Angefeuert von seinen Fans bot Riedel im Finale dem amtierenden deutschen und baden-württembergischen Meister Emanuel Gulde ein spannendes Kopf-an-Kopf-Rennen. Zwar war Riedel am Ende in zwölf Minuten und sieben Sekunden schneller fertig mit dem Scheren der acht Schafe, aber Gulde sammelte weniger Strafpunkte und lag am Ende mit dem Hauch von 0,86 Zählern besser vorne. Auf Rang drei folgte Jan Rene Juppe aus Ubstadt bei Karlsruhe.

Bei den Junioren holte sich der 18-jährige Daniel Erhardt den Titel vor dem 16-jährigen Lars Voigt.

Anette Wohlfarth, die Geschäftsführerin des Landesschafzuchtverbands Baden-Württemberg, und Richterin Ina Ritter moderierten die Wettkämpfe. Für die Sieger der Schafschurmeisterschaft gab es Pokale und als Hauptpreis bei den Profis ein E-Bike.

Unter den Scherern waren Wettkämpfer, die das erste Mal bei der baden-württembergischen Meisterschaft ins Rennen gingen. Rockige Musik untermalte den Wettbewerb. Vor dem Finale demonstrierten in einem Mannschaftsscheren – als Länderkampf ausgetragen – die jeweils dreiköpfigen Teams aus Berlin-Brandenburg, aus Baden-Württemberg, Bayern und ein internationales Ensemble – mit Stefanie Kauschuss als einziger Frau und einem gebürtigen Australier im Team – die hohe Kunst des Schafscherens. Baden-Württemberg war am schnellsten.

Wer nicht gerade bei den Wettkämpfen zuschaute, der hatte die Möglichkeit, im von Pferden gezogenen Planwagen eine Kutschfahrt zu unternehmen, auf dem Pony zu reiten oder über den Markt zu bummeln, um dort neben Ziegenkäse, selbst gestrickten Socken und kleinen Babyschühchen aus Schafwolle unter anderem auch Holzspielzeug, weitere andere Schafprodukte und Körbe zu finden.

Durst und Hunger musste niemand leiden bei den Titelkämpfen: Für Bewirtung war gesorgt – auch mit speziellen Angeboten vom Schaf wie dem Schafgulasch mit Spätzle, der Schafgulaschsuppe und dem Schafburger.

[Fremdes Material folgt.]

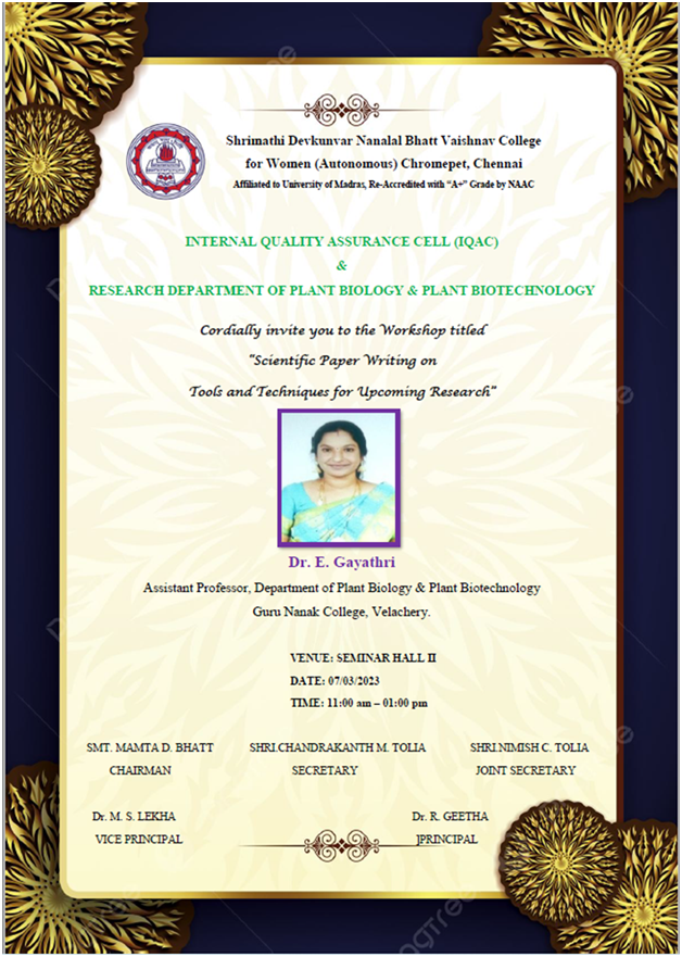 | 4. | 2021-2022 7/03/2023 | Scientific paper writing on tools and techniques for upcoming research | Dr. E. Gayathri Assistant Professor, Department of Plant Biology and Plant Biotechnology Guru Nanak College, Velachery |

Harald Höfel hatte auf dem Hof der Schäferei Höfel und Braun die zahlreichen Gäste willkommen geheißen. Dass die baden-württembergische Schafschurmeisterschaft die frühere Tradition der Schäftertage in Heinstetten wieder aufleben lasse, freute Meßstettens Bürgermeister Lothar Mennig. Von 1990 bis 2003 hatte es aus kleinen Anfängen heraus sieben solcher Veranstaltungen gegeben. Mennig verdeutlichte, dass die Schäferei harte Arbeit sei bei allen Wetterlagen und keine Idylle. Die Wanderschäfer seien oft weit entfernt von ihrem Zuhause und der Familie unterwegs.

Derweil habe die Schafzucht auch auf dem Großen Heuberg eine wichtige Bedeutung, weideten die Tiere etwa auf dem Truppenübungsplatz und pflegten die Landschaft. Das sei entsprechend zu vergüten, der Stundenlohn sei verbesserungswürdig: "Die Gesellschaft muss entscheiden, was ihr diese Pflege wert ist." Deshalb plädierte Mennig dafür, mehr Schaffleisch auf die Speisekarte daheim zu nehmen und Schafwolle zu nutzen. Das unterstrich auch der Vorsitzende des Landesschafzuchtverbands, Alfons Gimber: "Eine solche Veranstaltung ist wichtig, um den Menschen zu zeigen, wie die Schafschur abläuft und wie die Tiere zum Naturschutz beitragen." Zumal in den vergangenen Jahren die Zahl der Schafe um 20 bis 30 Prozent zurückgegangen sei. "Deshalb sind wir auf die Öffentlichkeit angewiesen und deshalb sind öffentliche Gelder notwendig, ohne diese Zuschüsse gäbe es sonst keine Schäferei mehr." Lammfleisch sei ein Produkt, das nicht kostendeckend zu erwirtschaften sei.

Wie schwer es die Scherer ohne Maschineneinsatz haben, zeigte sich bei der Vorführung mit den Handscheren. Die Zuschauerbänke waren auch dabei dicht gedrängt und zusätzlich viele Besucher standen. Angesichts dieser Resonanz war Harald Höfel "absolut zufrieden": "Das ist super, und die Stimmung ist klasse – ich bin über den Verlauf total glücklich."